Input data.
※ ※ ※
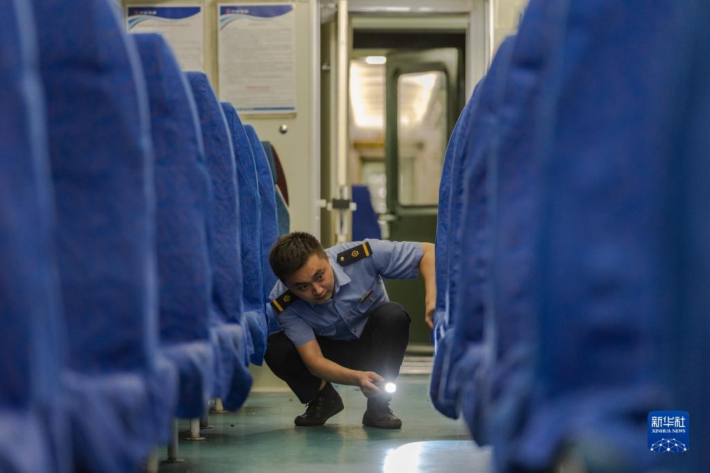 8月15日,重庆客运段列车长任炼在重庆西客车整备所检查列车隐蔽部位。
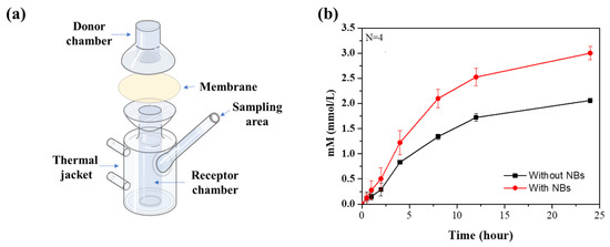 The use of animals in dermal delivery testing in the field of cosmetics has been forbidden in recent years, and various experiments are being replaced with non-animal methods [33]. In particular, the Franz cell experiments are proposed as a reliable alternative to animal testing for skin absorption testing [34,35,36,37,38]. In this experiment, the Franz cell was used to confirm the skin delivery effect of the active ingredients. The Franz cell consists of two compartments (donor and receptor chambers) and a membrane is fitted between the chambers to form a passageway for the active ingredient (Figure 2a). The active ingredient can be delivered to the receptor chamber only through the membrane. Nile red was chosen to observe the active ingredient delivery and the concentration can be measured by fluorescence. The NB oil containing the Nile red was loaded into the donor chamber, and the receptor chamber was filled with aqueous ethanol solution (40% v/v), which has a high solubility of Nile red, thus preventing the precipitation. Aliquots (100 μL) were extracted from the receptor chamber to confirm the amount of Nile red that was delivered, and that the same volume of the ethanol aqueous solution (40% v/v) was added to maintain the volume of solvent in the receptor chamber. The change in the concentration of Nile red according to the addition of the solvent was corrected through the calculation. Aliquots collected from 0.5, 1, 2, 4, 8, 12, and 24 h at room temperature were analyzed using a microplate reader, and those results were calculated to the concentration (Figure 2b). Strikingly, a higher concentration of Nile red was observed in the presence of NBs than in the absence of NBs. After 24 h, the final concentration of Nile red was 2.06 mM in the absence of NBs and 3.00 mM in the presence of NBs, which was about 1.45 times higher (Table 1). This improved delivery effect is thought to be due to the high Brownian motion of the NBs, which increases the diffusion of the active ingredient and the charge balance effect of the NBs, which improves the movement of the active ingredient in the membrane.
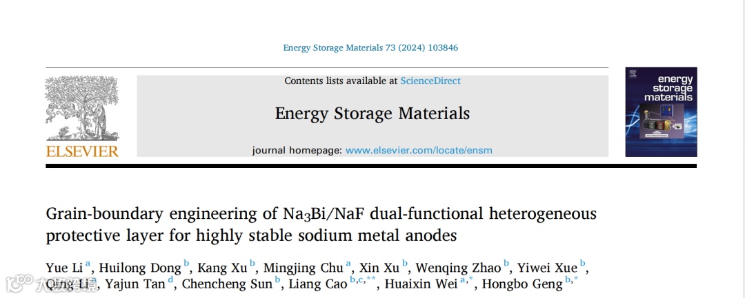 高密度双功能Na3Bi/NaF异质晶界抑制钠枝晶不可控生长
※ ※ ※
What you should do. Without including any images, output the data exactly as given.

Answer to this task.
 8月15日,重庆客运段列车长任炼在重庆西客车整备所检查列车隐蔽部位。
 The use of animals in dermal delivery testing in the field of cosmetics has been forbidden in recent years, and various experiments are being replaced with non-animal methods [33]. In particular, the Franz cell experiments are proposed as a reliable alternative to animal testing for skin absorption testing [34,35,36,37,38]. In this experiment, the Franz cell was used to confirm the skin delivery effect of the active ingredients. The Franz cell consists of two compartments (donor and receptor chambers) and a membrane is fitted between the chambers to form a passageway for the active ingredient (Figure 2a). The active ingredient can be delivered to the receptor chamber only through the membrane. Nile red was chosen to observe the active ingredient delivery and the concentration can be measured by fluorescence. The NB oil containing the Nile red was loaded into the donor chamber, and the receptor chamber was filled with aqueous ethanol solution (40% v/v), which has a high solubility of Nile red, thus preventing the precipitation. Aliquots (100 μL) were extracted from the receptor chamber to confirm the amount of Nile red that was delivered, and that the same volume of the ethanol aqueous solution (40% v/v) was added to maintain the volume of solvent in the receptor chamber. The change in the concentration of Nile red according to the addition of the solvent was corrected through the calculation. Aliquots collected from 0.5, 1, 2, 4, 8, 12, and 24 h at room temperature were analyzed using a microplate reader, and those results were calculated to the concentration (Figure 2b). Strikingly, a higher concentration of Nile red was observed in the presence of NBs than in the absence of NBs. After 24 h, the final concentration of Nile red was 2.06 mM in the absence of NBs and 3.00 mM in the presence of NBs, which was about 1.45 times higher (Table 1). This improved delivery effect is thought to be due to the high Brownian motion of the NBs, which increases the diffusion of the active ingredient and the charge balance effect of the NBs, which improves the movement of the active ingredient in the membrane.
 高密度双功能Na3Bi/NaF异质晶界抑制钠枝晶不可控生长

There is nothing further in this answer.